BRIEF =>
When you reach the line with "458-015 | JUEGO" in the data below, begin printing lines exactly, and stop once the line with "A pálmák és" has been printed.

EXCERPTED DATA =>
--*--

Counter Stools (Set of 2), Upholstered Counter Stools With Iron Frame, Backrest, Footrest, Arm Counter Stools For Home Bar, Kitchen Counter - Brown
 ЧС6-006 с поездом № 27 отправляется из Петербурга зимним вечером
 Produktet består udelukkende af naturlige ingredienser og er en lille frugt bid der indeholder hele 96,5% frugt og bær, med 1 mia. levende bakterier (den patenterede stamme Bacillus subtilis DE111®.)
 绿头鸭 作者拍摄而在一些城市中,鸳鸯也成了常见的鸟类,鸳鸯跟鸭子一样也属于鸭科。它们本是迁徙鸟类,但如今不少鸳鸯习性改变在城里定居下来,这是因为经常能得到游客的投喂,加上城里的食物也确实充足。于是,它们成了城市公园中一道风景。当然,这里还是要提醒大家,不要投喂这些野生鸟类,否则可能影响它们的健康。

--*--

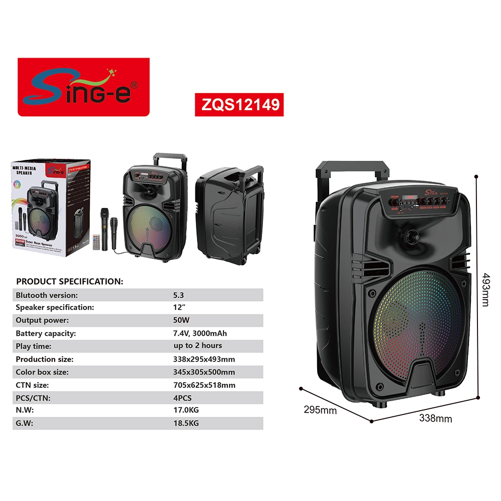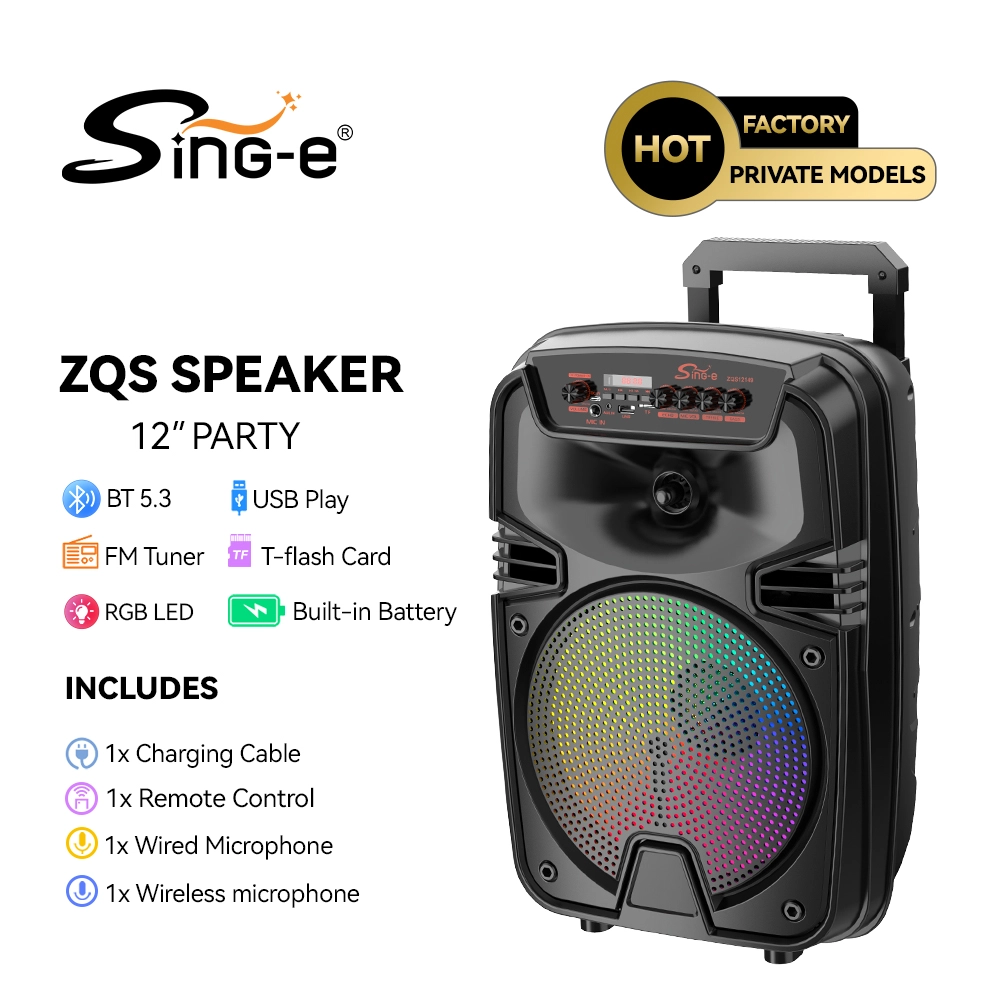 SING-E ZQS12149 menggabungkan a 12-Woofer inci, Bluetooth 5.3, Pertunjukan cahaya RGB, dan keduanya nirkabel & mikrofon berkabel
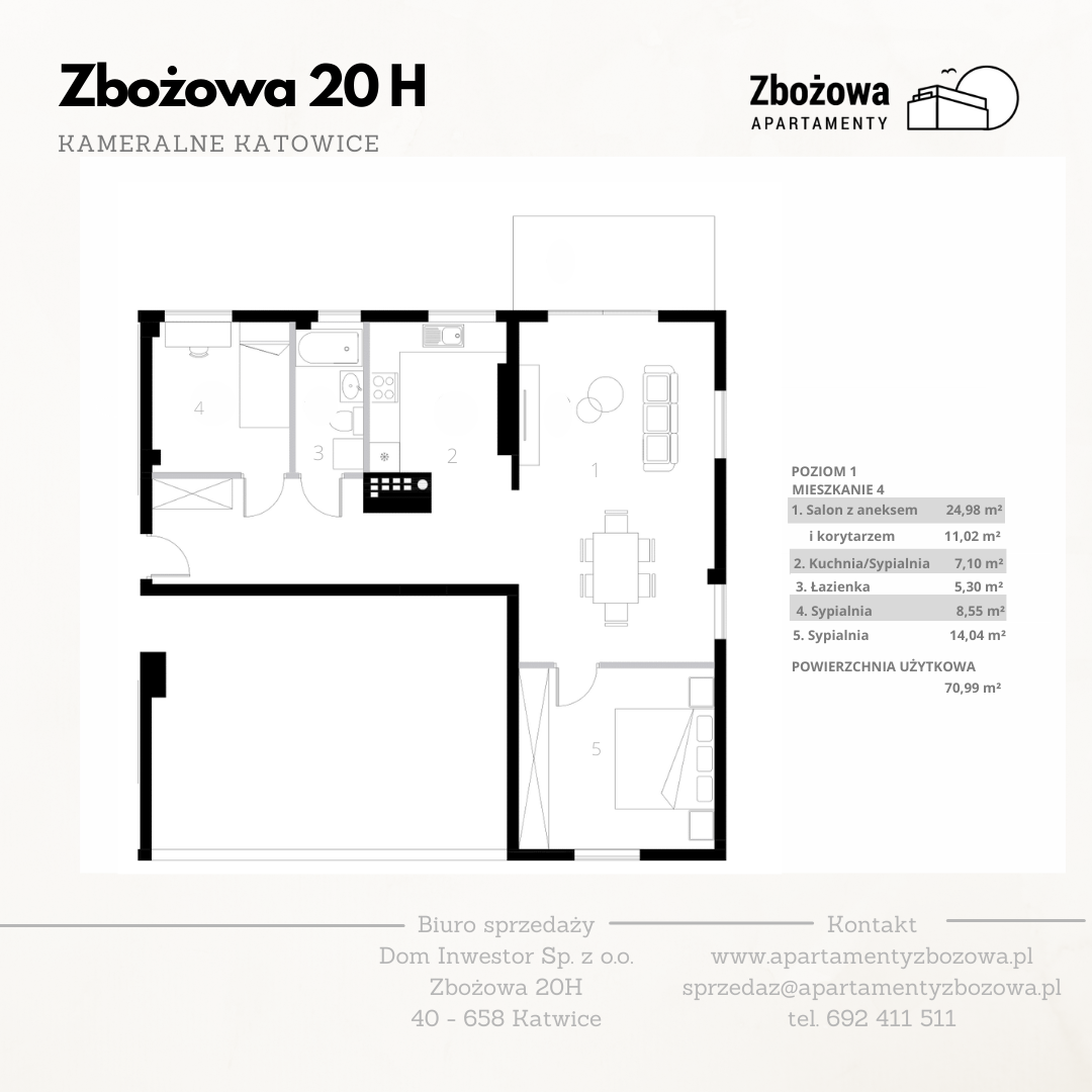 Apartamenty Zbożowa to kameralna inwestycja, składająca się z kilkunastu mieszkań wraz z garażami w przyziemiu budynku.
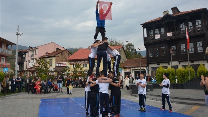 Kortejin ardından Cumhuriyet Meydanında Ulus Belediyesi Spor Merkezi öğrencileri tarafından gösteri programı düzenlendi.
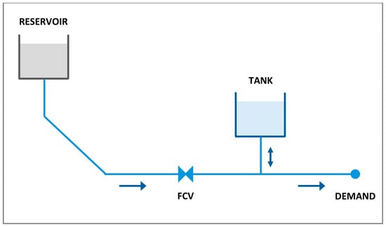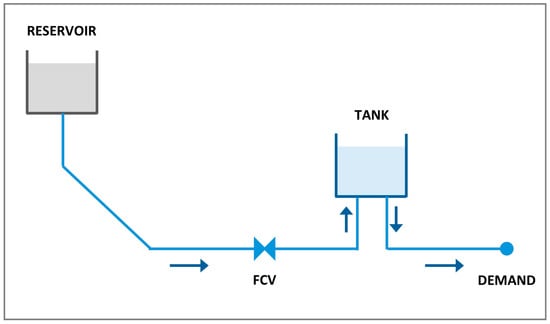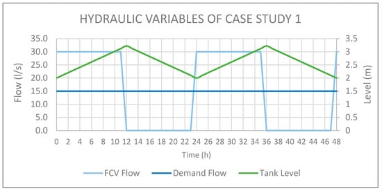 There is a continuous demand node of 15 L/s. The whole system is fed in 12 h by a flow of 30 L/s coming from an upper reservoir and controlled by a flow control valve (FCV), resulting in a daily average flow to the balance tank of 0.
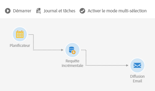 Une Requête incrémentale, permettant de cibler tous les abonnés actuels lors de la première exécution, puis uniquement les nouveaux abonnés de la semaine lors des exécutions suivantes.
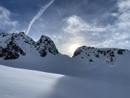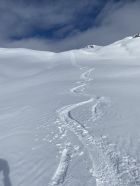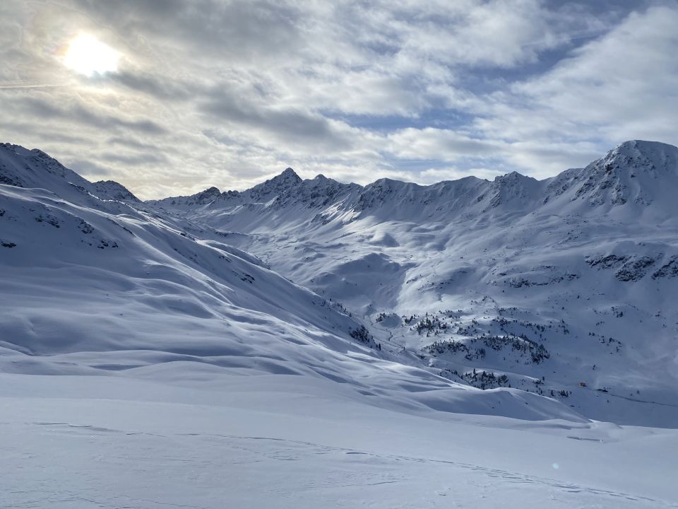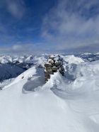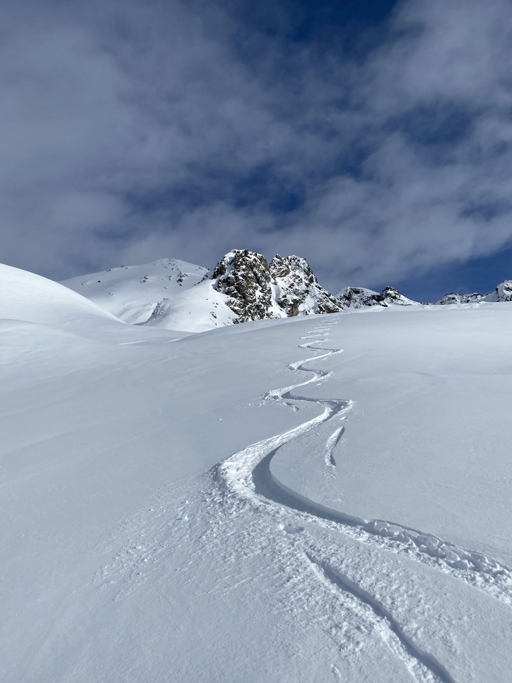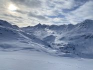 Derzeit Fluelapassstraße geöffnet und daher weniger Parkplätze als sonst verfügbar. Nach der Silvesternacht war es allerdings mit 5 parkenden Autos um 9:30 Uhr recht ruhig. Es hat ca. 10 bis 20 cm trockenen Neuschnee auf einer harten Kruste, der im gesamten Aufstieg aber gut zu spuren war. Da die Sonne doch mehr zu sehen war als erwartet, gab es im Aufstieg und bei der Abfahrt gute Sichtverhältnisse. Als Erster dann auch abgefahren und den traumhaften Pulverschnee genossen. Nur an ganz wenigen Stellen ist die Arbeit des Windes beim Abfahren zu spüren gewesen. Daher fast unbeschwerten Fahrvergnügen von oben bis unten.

--*--

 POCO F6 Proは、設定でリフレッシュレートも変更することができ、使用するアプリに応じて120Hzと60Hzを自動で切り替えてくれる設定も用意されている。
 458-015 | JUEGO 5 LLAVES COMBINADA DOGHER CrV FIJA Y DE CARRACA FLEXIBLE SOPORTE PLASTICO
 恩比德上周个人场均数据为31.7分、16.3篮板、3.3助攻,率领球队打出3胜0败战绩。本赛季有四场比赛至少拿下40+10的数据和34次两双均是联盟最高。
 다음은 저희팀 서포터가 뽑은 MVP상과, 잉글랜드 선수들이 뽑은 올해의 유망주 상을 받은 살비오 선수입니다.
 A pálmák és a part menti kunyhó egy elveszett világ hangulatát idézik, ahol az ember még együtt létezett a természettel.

--*--

WRITTEN SOLUTION =>
 458-015 | JUEGO 5 LLAVES COMBINADA DOGHER CrV FIJA Y DE CARRACA FLEXIBLE SOPORTE PLASTICO
 恩比德上周个人场均数据为31.7分、16.3篮板、3.3助攻,率领球队打出3胜0败战绩。本赛季有四场比赛至少拿下40+10的数据和34次两双均是联盟最高。
 다음은 저희팀 서포터가 뽑은 MVP상과, 잉글랜드 선수들이 뽑은 올해의 유망주 상을 받은 살비오 선수입니다.
 A pálmák és a part menti kunyhó egy elveszett világ hangulatát idézik, ahol az ember még együtt létezett a természettel.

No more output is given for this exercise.